O Departamento de Segurança Interna (DHS) dos Estados Unidos, sob a liderança da secretária Kristi Noem, está ampliando o uso do polígrafo para detectar vazamentos de informações. Funcionários de diversas divisões estão sendo submetidos a testes que variam de noventa minutos a quatro horas, em um ambiente considerado intimidante.

Relatos indicam que muitos dos dados vazados não são confidenciais. Os testes são realizados por uma divisão da Administração de Segurança dos Transportes (TSA), que normalmente lida com segurança em aeroportos. A convocação abrange desde altos cargos até assessores de imprensa, que têm autorização para interagir com jornalistas.

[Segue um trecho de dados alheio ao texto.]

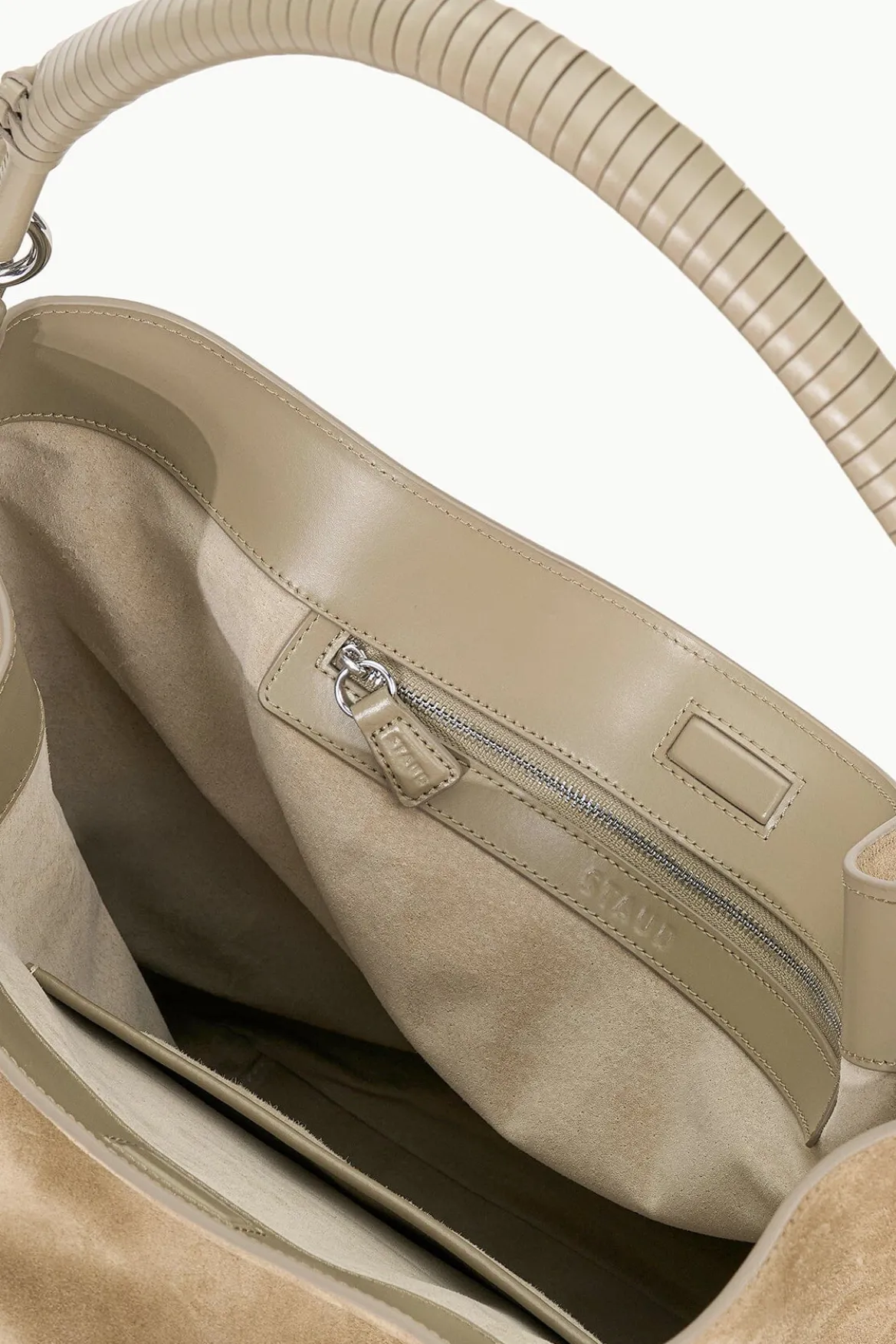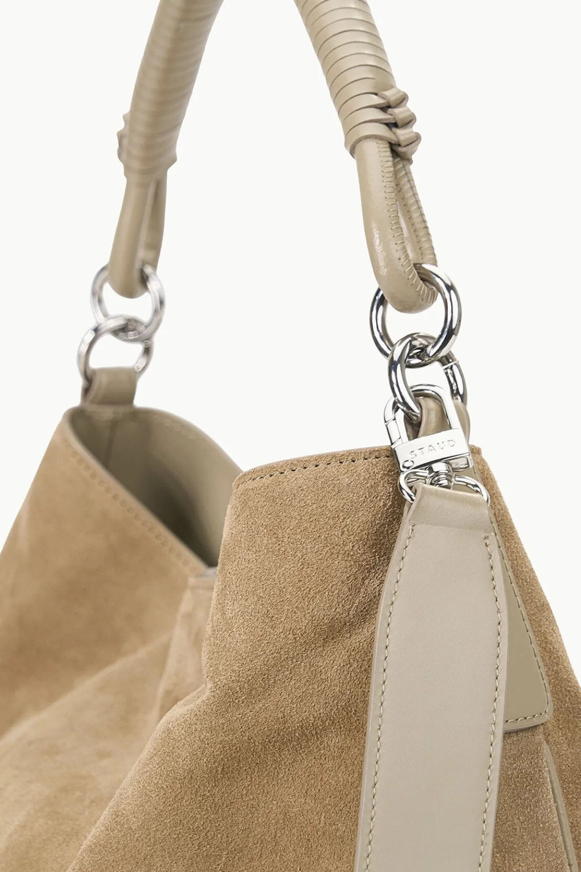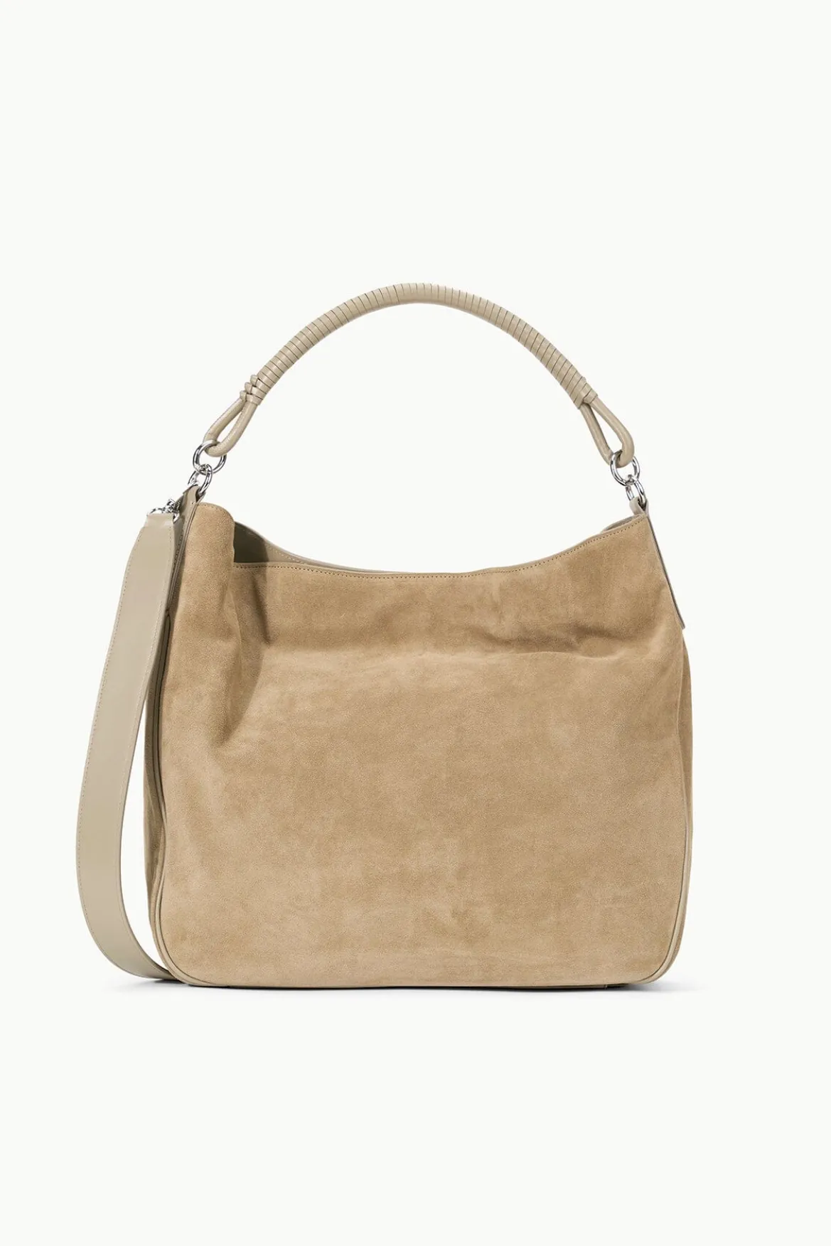 A slouchy suede hobo tote, the Perry Bag features a wrapped leather handle, metal hardware, a magnetic closure and suede lining.

Em entrevista, Noem afirmou que suas autoridades são amplas e que pretende utilizá-las para garantir a legalidade das ações do DHS. A porta-voz do departamento, Tricia McLaughlin, declarou que a instituição não se desculpa por seus esforços para erradicar vazamentos que possam comprometer a segurança nacional.

Funcionários relataram que nunca viram o polígrafo ser utilizado dessa forma em administrações anteriores. A falta de clareza nos critérios de seleção para os testes gerou um clima de arbitrariedade e intimidação. Alguns funcionários foram colocados em licença administrativa após os exames, enquanto outros optaram por pedir demissão.

A vice-diretora da Agência de Imigração e Alfândega (ICE), Madison Sheahan, é mencionada como alguém que ameaça funcionários com testes de polígrafo. O diretor interino da Agência Federal de Gestão de Emergências (FEMA), Cameron Hamilton, foi submetido ao exame após o vazamento de informações sobre uma reunião com Noem e Lewandowski, sendo demitido logo depois.

Além disso, o FBI também aplicou testes de polígrafo em funcionários suspeitos de vazamentos, como parte de uma ofensiva do Departamento de Justiça. O secretário de Defesa, Pete Hegseth, também teria ameaçado líderes militares com o uso do polígrafo, embora não se saiba se os testes foram efetivamente realizados.